I will buy a M.Thanks guys...


----------



## ekb18c (Mar 11, 2013)

Just as a point of reference. I have the 2014 Burton Cartels in Large and I'm a 9.5 Wide US. They fit absolutely perfect! 

I'm pretty sure in previous models of the Cartel you were able to extend the gas pedal and make other adjustments. On the 2014 Cartels, you cannot make any adjustments to the gas pedal. I think it's the same for the EST version but I'm not sure because I have the re:flex version.


----------



## kaborkian (Feb 1, 2010)

ekb18c said:


> Just as a point of reference. I have the 2014 Burton Cartels in Large and I'm a 9.5 Wide US. They fit absolutely perfect!
> 
> I'm pretty sure in previous models of the Cartel you were able to extend the gas pedal and make other adjustments. On the 2014 Cartels, you cannot make any adjustments to the gas pedal. I think it's the same for the EST version but I'm not sure because I have the re:flex version.


It's not about the boots fitting in the bindings. It's about getting them centered on the board. For me, 10.5 boot, I can't get a large burton binding close enough to the toe side of the board. Heel cup is fixed, so the only adjustment you have is in the disc and choosing different holes (which there only 3 sets). This is the biggest limitation of burton bindings.

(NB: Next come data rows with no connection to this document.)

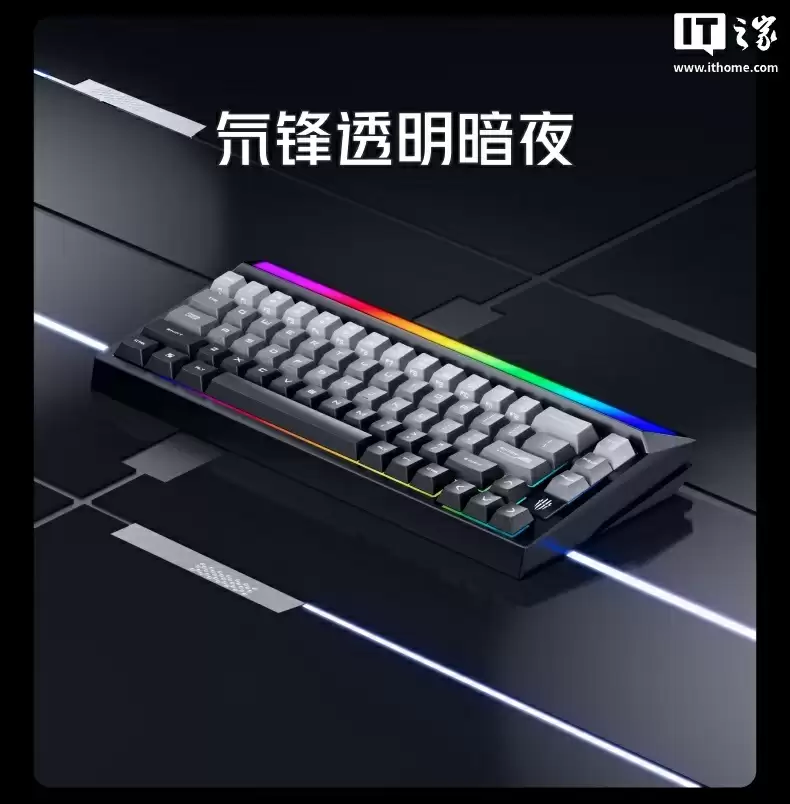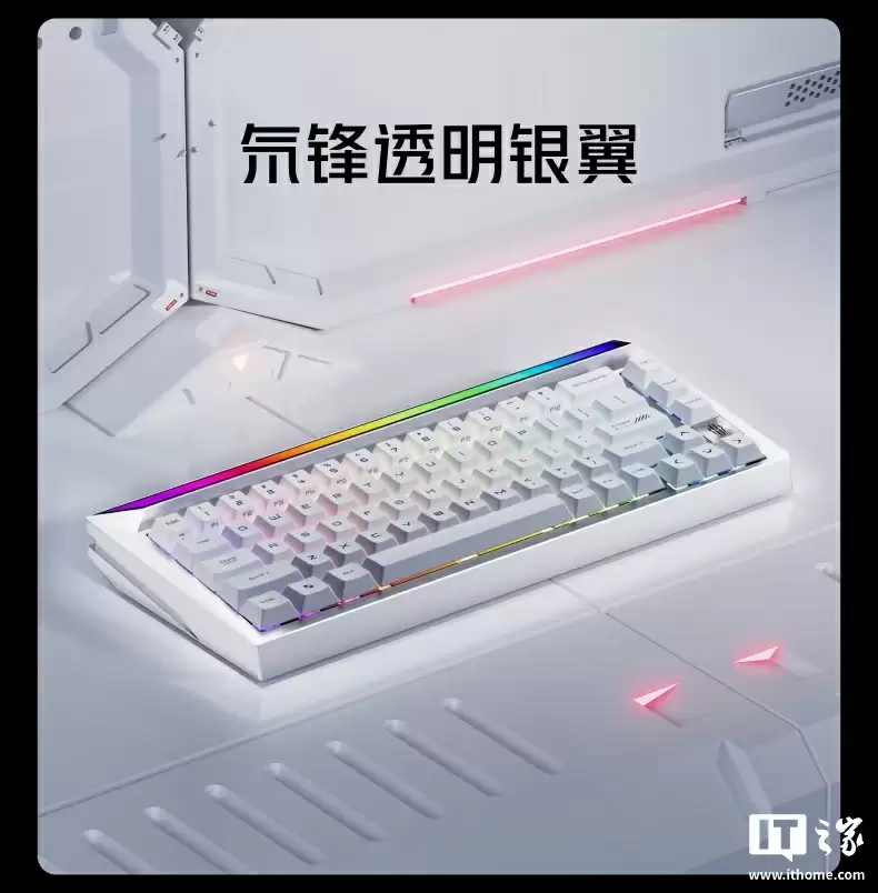 据介绍,红魔首款客制化磁轴键盘采用未来星际战舰设计(几何切割与直线条硬朗设计),提供氘锋透明暗夜、氘锋透明银翼两种配色,并使用 6063 全铝 CNC 精雕外壳(阳极氧化 + 220 目精细打磨)。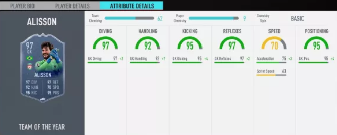 Al 3-lea jucător al celor de la Liverpool care se află în Team Of The Year este bineînteles portarul Alisson. Fiind unul dintre cei mai buni portari din acest mod al jocului, Alisson este un portar fantastic atât in fotbalul real cât și în FIFA 20. Prețul pe transfer market este de 500,000 de coins-uri indiferent de platformă și merită fiecare bănuț în parte.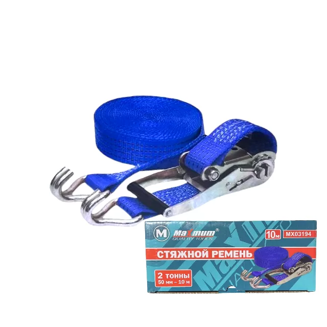 Ремни для крепления груза 10 метров с храповым механизмом и крюками от " MAXIMUM QUALITY TOOLS" созданы для фиксации багажа и крепления небольших грузов (коробки, мебель и т.д.) к верхнему или прицепному багажнику легкового автомобиля, фургона и других транспортных средств. Прочная лента из полипропиленовых нитей двойного плетения шириной 50 мм не деформирует фиксируемый груз и имеет относительное удлинение не более 7 % при максимально допустимой рабочей нагрузке. Храповик стяжного багажного ремня имеет пластиковое покрытие и оснащен удобным механизмом разблокировки. Надежный зубчатый механизм предотвращает ослабление натяжения ремня во время движения транспорта. Крюки и храповый механизм стяжных багажных ремней выполнены из прочной стали.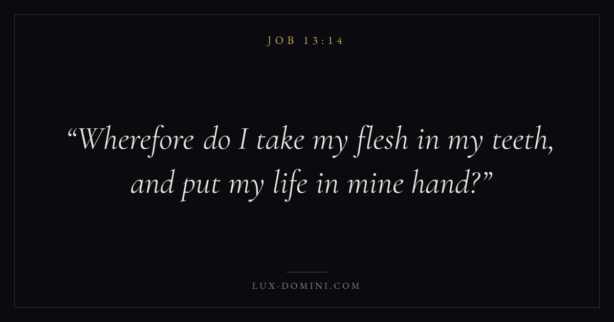 Books / Job / Chapter 13 / Verse 14 ← Job 13:13 Job 13:14 Job 13:15 → Wherefore do I take my flesh in my teeth, and put my life in mine hand? Download verse card Share on Twitter Share on Facebook Pin it ✦ Key themes HopeSuffering and trialsWisdomJustice and mercySuffering Read with Job 13:13Romans 8:24Revelation 21:4Romans 8:18 Related topics Bible verses about hopeBible verses about suffering and trialsBible verses about wisdomBible verses about justice and mercy ✦ Job Chapter 13 verses V. 1 V. 2 V. 3 V. 4 V. 5 V. 6 V. 7 V. 8 V. 9 V. 10 V. 11 V. 12 V. 13 V. 14 V. 15 V. 16 V. 17 V. 18 V. 19 V. 20 V. 21 V. 22 V. 23 V. 24 V. 25 V. 26 V. 27 V. 28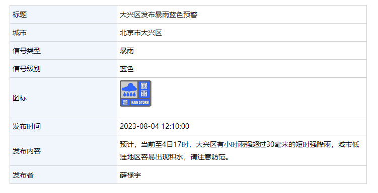 大兴区发布暴雨蓝色预警:有小时雨强超30毫米短时强降雨

It simplifies the design and keeps it lighter, but you must get the correct size or you can't get the toe and heel overhang to match up.


----------



## ekb18c (Mar 11, 2013)

My boot and bindings are centered with small equal amount on toe and heel side on every single board that I have. 

Perhaps it's because my Salomon Dialogue wide boots do not have shrinkage tech? I don't know works great for my 9.5 boot and the OP has a 9.5 boot.


----------



## jdang307 (Feb 6, 2011)

hktrdr said:


> Size medium for sure. I have used US10 vans with medium Burton bindings without problem (at the upper-end, but not fully maxed).


I wore a 7.5 boot in a Malavita medium and they fit fine too. Wasn't even min'd out. Weird. Wouldn't do it again, but I did.


----------



## hktrdr (Apr 3, 2012)

ekb18c said:


> Just as a point of reference. I have the 2014 Burton Cartels in Large and I'm a 9.5 Wide US. They fit absolutely perfect!
> 
> I'm pretty sure in previous models of the Cartel you were able to extend the gas pedal and make other adjustments. *On the 2014 Cartels, you cannot make any adjustments to the gas pedal. * I think it's the same for the EST version but I'm not sure because I have the re:flex version.


Say what? :icon_scratch:


----------



## kaborkian (Feb 1, 2010)

hktrdr said:


> Say what? :icon_scratch:


Lol yea, had the same thought. It's adjustable, just pull harder.


----------



## ekb18c (Mar 11, 2013)

Aww man, i need to go to the gym more! 

I was yanking on that sucker and i swore it wouldn't move! I just tried now and it came out easily.

Thanks for setting me straight.


----------



## jdang307 (Feb 6, 2011)

ekb18c said:


> Aww man, i need to go to the gym more!
> 
> I was yanking on that sucker and i swore it wouldn't move! I just tried now and it came out easily.
> 
> Thanks for setting me straight.


We're still talking about bindings yeah?


----------